§ WHAT IS EXPECTED: The answer must be an exact copy of the lines from the one with "本届比赛对标省级辅导员素质能" through the final line below, with no pictures and nothing else.
---------- TASK INPUT
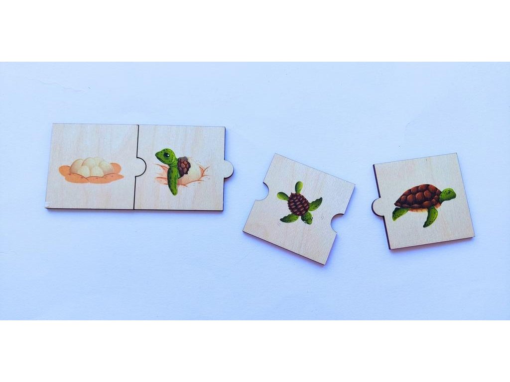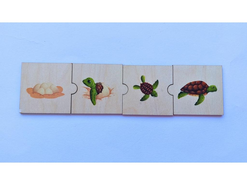 Krásné dřevěné puzzle s realistickými kresbami na posloupnost vývoje jak zvířat, tak rostlin.
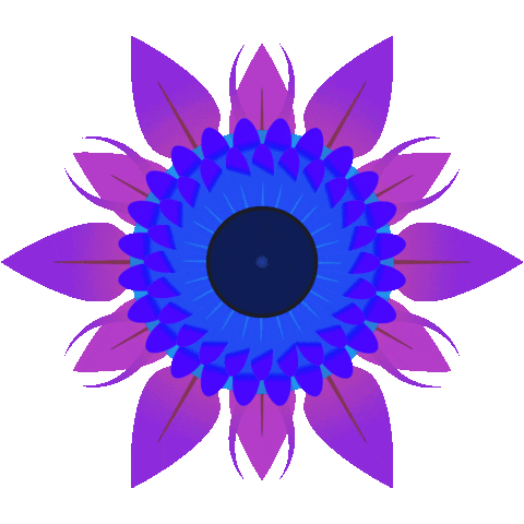 A vibrant animated flower with purple and blue petals rotates and pulses in a mesmerizing, symmetrical pattern.
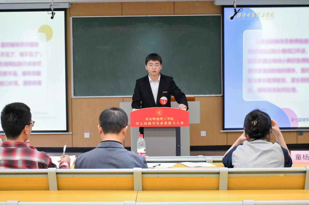 本届比赛对标省级辅导员素质能力训练营考核标准,设学情测验、案例研讨、谈心谈话三个环节,内容设计围绕学生思想政治工作的难点、重点、堵点,结合辅导员职责要求和工作实际,有针对性地对辅导员综合能力素质进行比赛,为全校辅导员学习研讨、切磋技能和交流经验搭建平台。
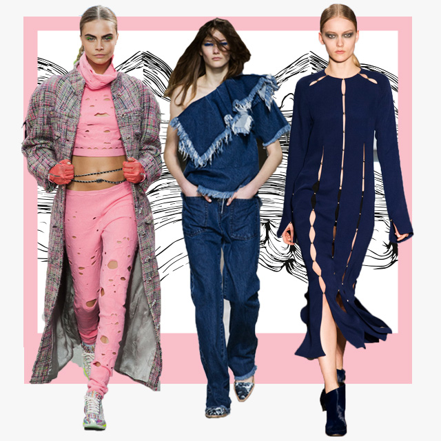 Не стоит ограничиваться одними только расслабленными пальто-халатами и вязаными костюмами, демонстрируя свою небрежность и легкое отношение к жизни. Добавим немного торчащих швов, пару потертостей или даже дырок на брюки и несколько рваных разрезов.
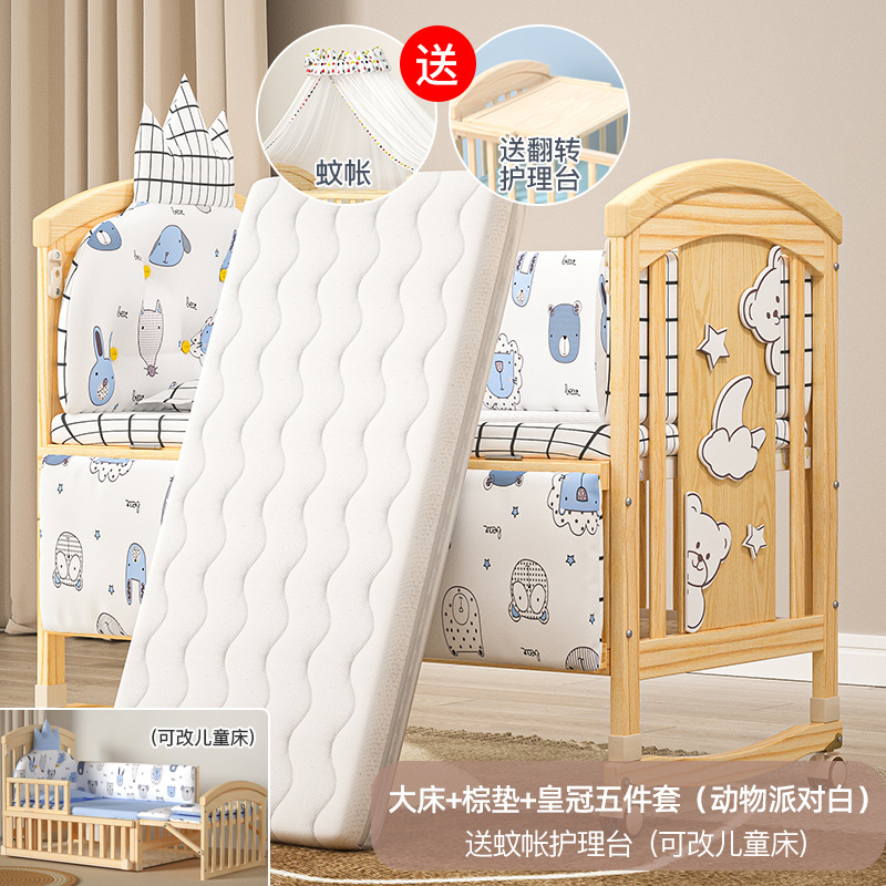 big bed + cocoanut matting + bed fence five-piece set (animal party white)
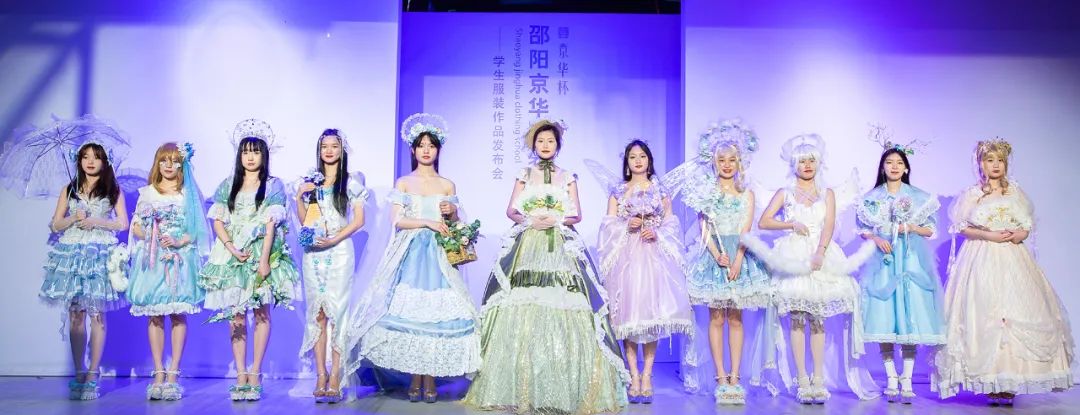 接下來是最新學生作品的展示。各系列的服裝作品,都是京華在校學生自己設計、自己制作而成的。
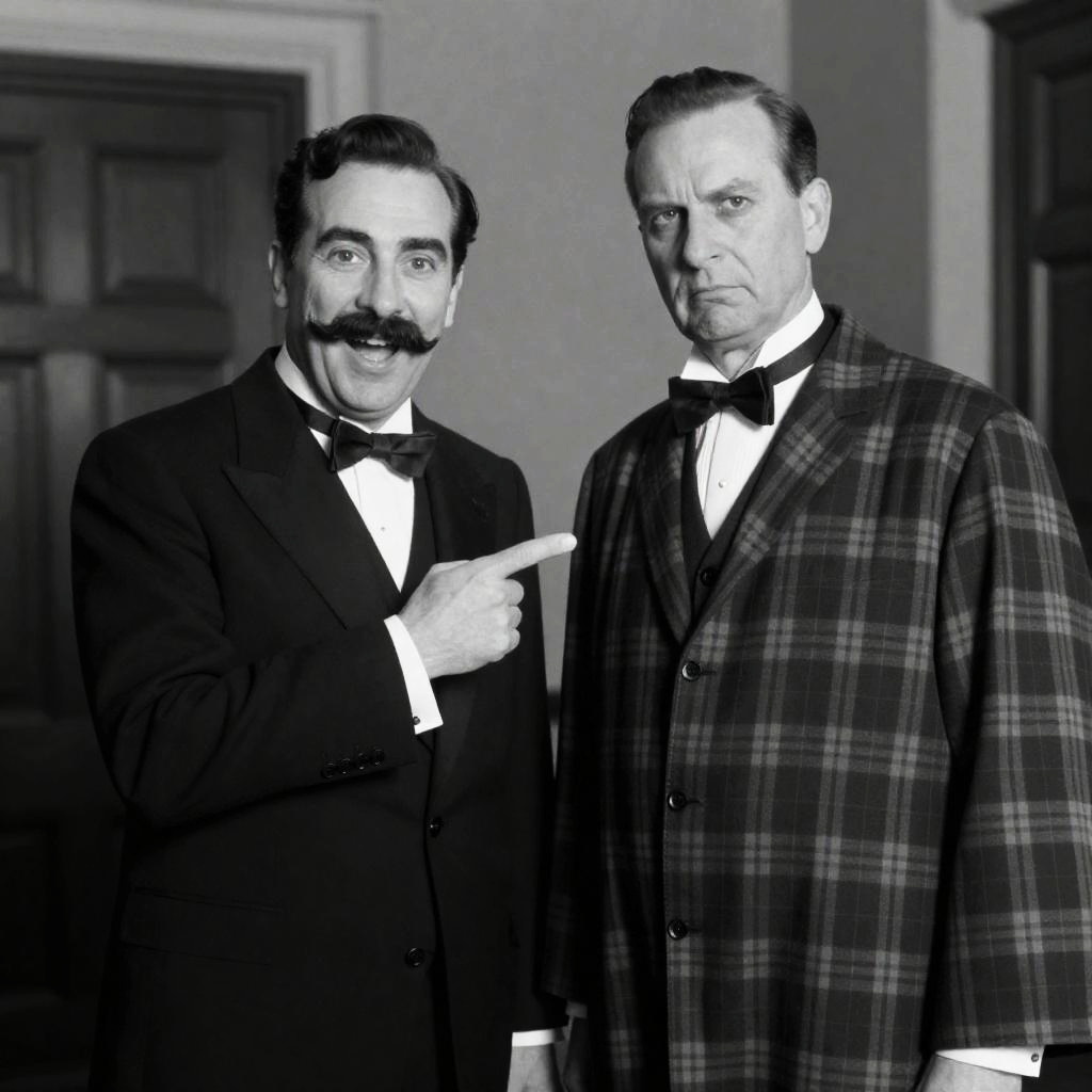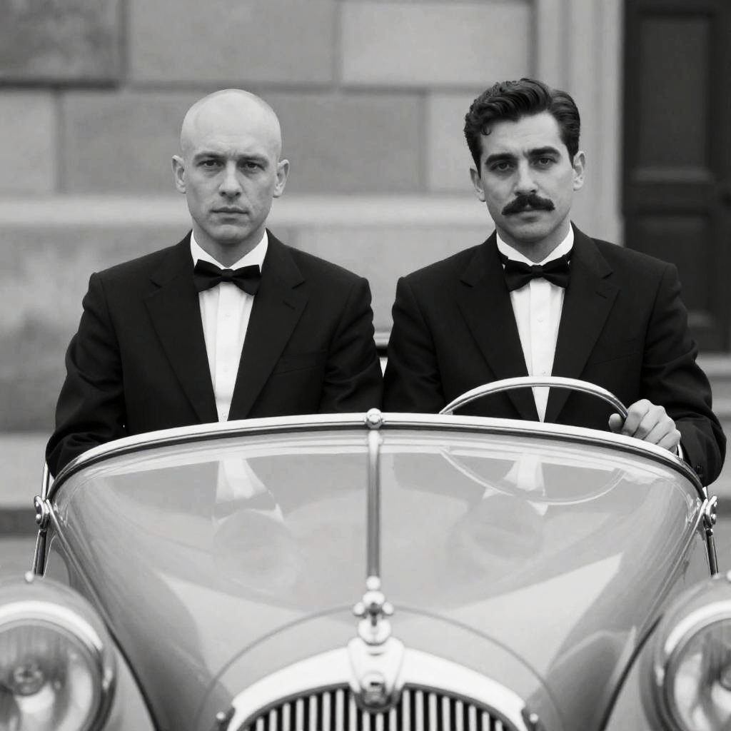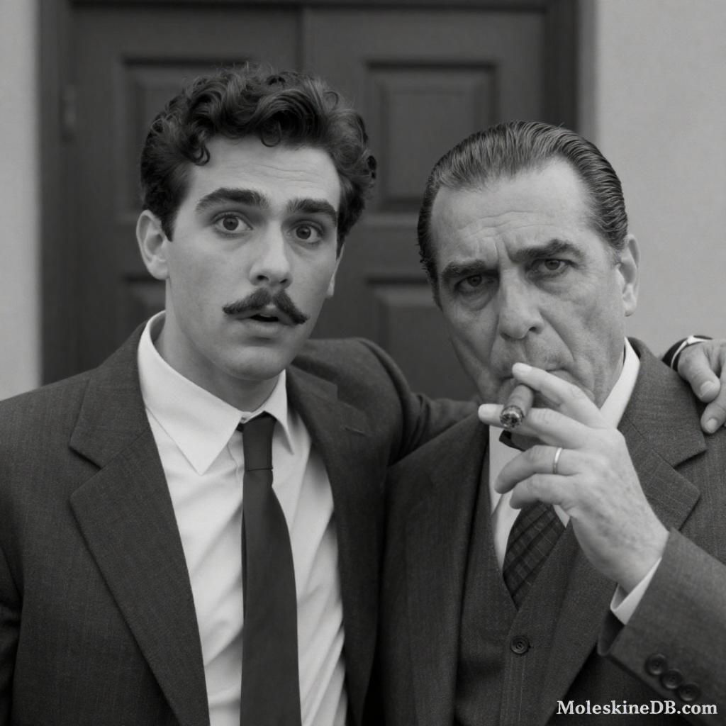 Black-and-white photograph of two men. Younger man with dark hair, mustache, surprised expression, arm around older man with slicked-back hair, intense gaze, smoking a cigar. Background blurred, door partially visible. Both wear suits. "MoleskineDB.com" on lower right.
--------------------
§ SOLUTION TO THIS PROBLEM:
 本届比赛对标省级辅导员素质能力训练营考核标准,设学情测验、案例研讨、谈心谈话三个环节,内容设计围绕学生思想政治工作的难点、重点、堵点,结合辅导员职责要求和工作实际,有针对性地对辅导员综合能力素质进行比赛,为全校辅导员学习研讨、切磋技能和交流经验搭建平台。
 Не стоит ограничиваться одними только расслабленными пальто-халатами и вязаными костюмами, демонстрируя свою небрежность и легкое отношение к жизни. Добавим немного торчащих швов, пару потертостей или даже дырок на брюки и несколько рваных разрезов.
 big bed + cocoanut matting + bed fence five-piece set (animal party white)
 接下來是最新學生作品的展示。各系列的服裝作品,都是京華在校學生自己設計、自己制作而成的。
 Black-and-white photograph of two men. Younger man with dark hair, mustache, surprised expression, arm around older man with slicked-back hair, intense gaze, smoking a cigar. Background blurred, door partially visible. Both wear suits. "MoleskineDB.com" on lower right.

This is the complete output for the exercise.